Opinions of Saturday, 29 July 2017

Columnist: Kwaku Badu

NDC: A grouching opposition is never credible

PNDC which later metamorphosed into NDC PartyPNDC which later metamorphosed into NDC Party

Some of us were old and fortunate enough to have witnessed the despot Rawlings’s PNDC regime (which later metamorphosed into NDC Party), thus we cannot somehow be disappointed about Ghana’s democratic dispensation in spite of the infelicities and extraneous occurrences.

Back then, we witnessed the eccentric and frumpish laws such as the Criminal Libel and Seditious Laws which were used excessively by the founder of the NDC Party and former president, Jerry John Rawlings to silence his political opponents.

Truth be told, the founder of the NDC Party, Rawlings, took delight in the laws such as the Criminal Libel and Seditious Laws and used them effervescently to silence his opponents and political analysts.

Take, for example, seasoned journalists like Kwaku Baako Jnr and Haruna Atta were imprisoned by the despotic revolutionary Jerry John Rawlings for voicing out their opinions.

Interestingly, it was through the efforts of the then Attorney General in President Kufuor’s NPP government, Nana Akufo-Addo, who worked collaboratively with the forward thinking President Kufuor and repealed the truculent and inhumane Criminal Libel and Seditious Laws in 2001.

“A memorandum on the bill presented to the House by the Attorney General and Minister of Justice, Nana Addo Dankwa Akufo-Addo, stated, "the purpose of the bill is to fulfil the promise of repeal, and thereby demonstrate the Kufuor government's determination to make good its promise to the nation”.

“The memorandum said these laws have come to symbolize authoritarian, anti-democratic impulses within Ghana's body politics which the media have been virtually and vociferously unanimous in demanding their repeal”.

“According to the memorandum, such laws are unworthy of a society seeking to develop on democratic principles on the basis of transparency and accountability in public life” (https://www.modernghana.com/news/.../criminal-libel-law-repealed.html, 30/06/2001).

The repealing of the strikingly outlandish seditious laws, was, as a matter of fact, an unprecedented feat.

Obviously, it paved way for the press freedom we are enjoying at present. Indeed, upon the removal of the dowdy laws , ordinary citizens could express their views without looking behind them.

More importantly, political actors and activists have the illimitable freedom to organise press conferences and demonstrations, sometimes with minimal police resistance.

In the period between 1993 and 2001, despite the advent of democracy, the opposition political parties were toothless and could not organise frequent demonstrations and press conferences.

But due to former President Kufuor and his government’s foresightedness, today, the minority NDC operatives can boundlessly organise press conferences to unfairly attack the same person whose invaluable contributions helped to expunge the libel and seditious laws.
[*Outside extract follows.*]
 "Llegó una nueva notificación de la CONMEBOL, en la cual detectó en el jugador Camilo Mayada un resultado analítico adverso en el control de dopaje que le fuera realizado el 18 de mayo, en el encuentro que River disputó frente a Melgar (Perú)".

All the same, that epitomises the beauty of democracy. The minority NDC operatives are within their democratic right to whine and speak their piece and criticise the infant NPP administration as they see fit.

In so far as I do not want to accept the widely held assertion that politics is a dirty game, it would not be farfetched to suggest that the political terrain is full of grumbling geezers.
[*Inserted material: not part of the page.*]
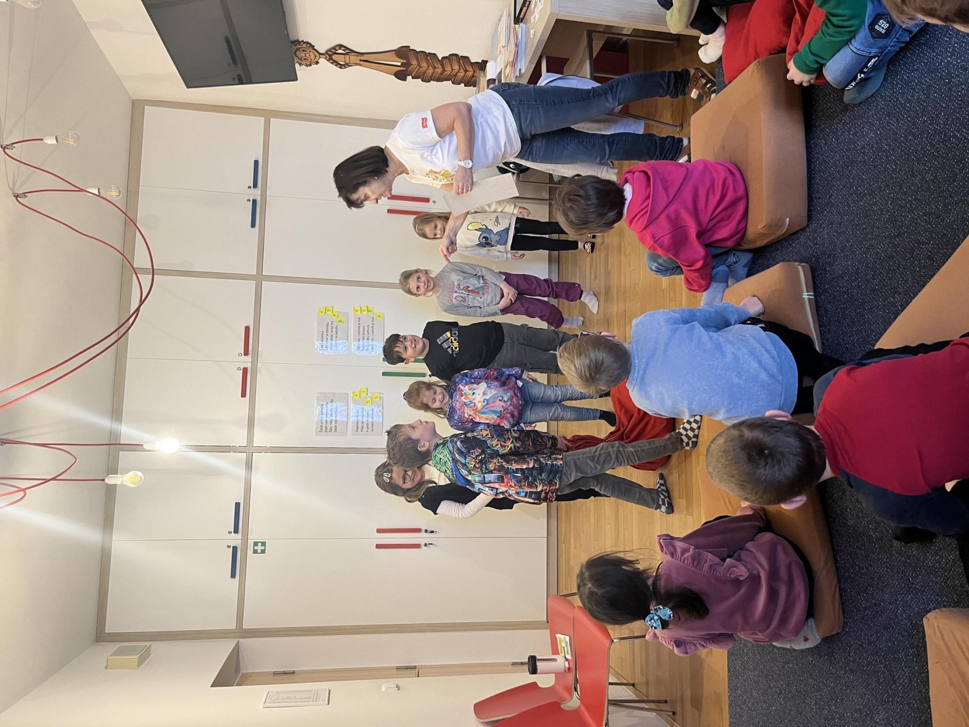 Navštívili jsme krajskou knihovnu, kde pro nás byl připraven program zaměřený na poezii a verše. Děti se učily rozpoznávat rýmy a také si zkoušely vlastní rýmy vymýšlet. Společně jsme si četli různé hádanky a básničky. Součástí programu bylo i divadlo – děti si s nadšením zahrály pohádku O veliké řepě.

Of course, political manipulators are not limited to Africa, it is a global phenomenon, as a matter of fact.

However, in my view, it is our part of the world (Africa), where political inebriations and insobrieties are so prevalent.

Perhaps, this is so because we have greater number of unlettered folks, many of whom cannot choose between tricksters and morally upstanding politicians.
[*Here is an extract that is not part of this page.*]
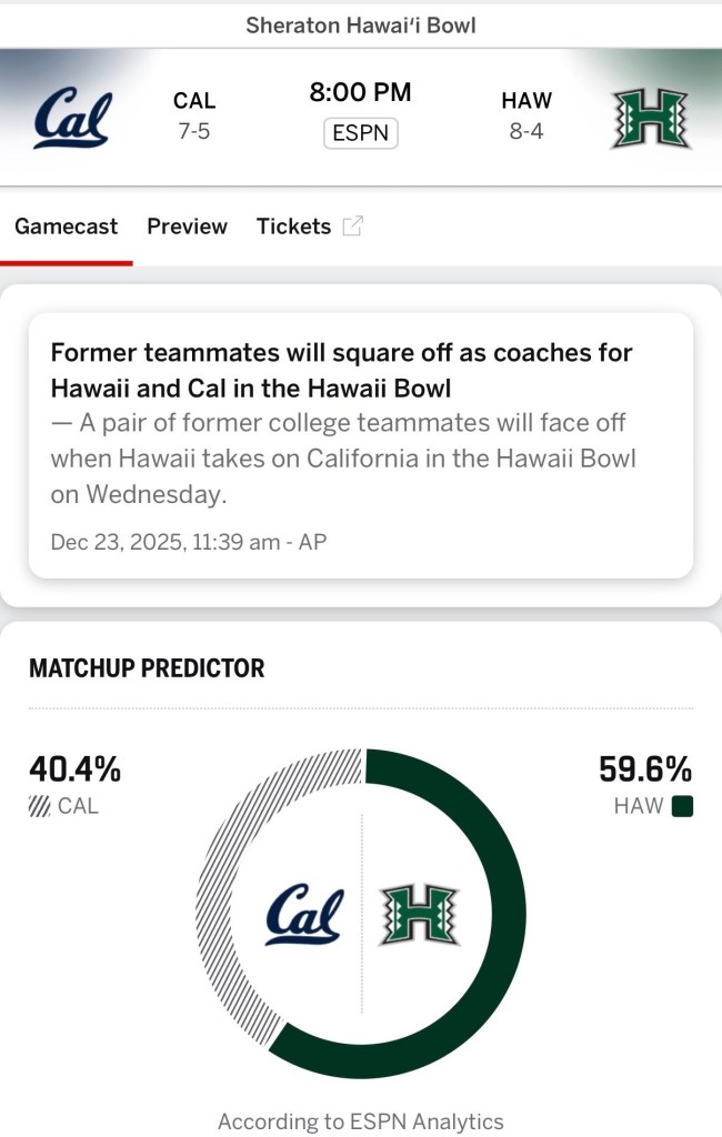 Viv, the lone undefeated team, and 18 of 25 players picked the underdog California Bears.

Make no mistake, the opposition is obliged to put the incumbent government on its toes. But does the opposition NDC have to whine and criticise for criticising sake?

Perhaps, the NDC Party apparatchiks are trying their level best to convince their aggrieved supporters of their consuming desire to recapture power in 2020.

All the same, it is somewhat ironic that the opposition NDC operatives have soon found their voices and squalling and scolding at the roof top about coarse governance and alleged sleazes and corruptions.

To me, it is an illustrative case of let us give a dog a bad name and hang it. Obviously they are trying their level best to bring to the fore the non-existent incompetence, sleazes and corruptions.

Indeed, it beggars belief that despite the unbridled corruptions, the arrogance of power and the irrevocable incompetence by the erstwhile NDC administration which resulted in massive economic collapse, the minority NDC operatives would still have the moral authority to organise press conferences.

But then again, they ought to exercise a great deal of circumspection , limit the extraneous press conferences , consider criticising constructively and put forward alternative policies and programmes.